● **EXERCISE BRIEF**
Using the material below, repeat exactly the lines from the one with "イギリス人女性ダイアン吉日さ" through the one with "Die Expédition Tapete", ends included, without any images.

● **INFORMATION PROVIDED**
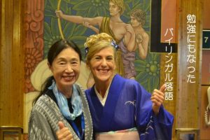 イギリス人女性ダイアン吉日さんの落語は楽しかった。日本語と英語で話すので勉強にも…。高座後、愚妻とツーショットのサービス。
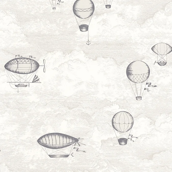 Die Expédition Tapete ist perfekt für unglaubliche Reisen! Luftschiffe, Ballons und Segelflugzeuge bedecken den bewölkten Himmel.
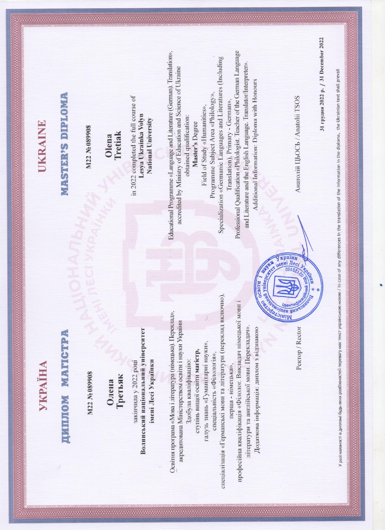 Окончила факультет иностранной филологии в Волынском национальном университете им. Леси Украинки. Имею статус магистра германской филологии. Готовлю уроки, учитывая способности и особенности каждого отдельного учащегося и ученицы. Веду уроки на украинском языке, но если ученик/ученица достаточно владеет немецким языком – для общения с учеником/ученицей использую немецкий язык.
==
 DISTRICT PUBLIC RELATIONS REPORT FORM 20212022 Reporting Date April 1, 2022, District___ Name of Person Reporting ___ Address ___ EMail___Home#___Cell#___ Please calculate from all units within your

● **ANSWER FOR THE TASK**
 イギリス人女性ダイアン吉日さんの落語は楽しかった。日本語と英語で話すので勉強にも…。高座後、愚妻とツーショットのサービス。
 Die Expédition Tapete ist perfekt für unglaubliche Reisen! Luftschiffe, Ballons und Segelflugzeuge bedecken den bewölkten Himmel.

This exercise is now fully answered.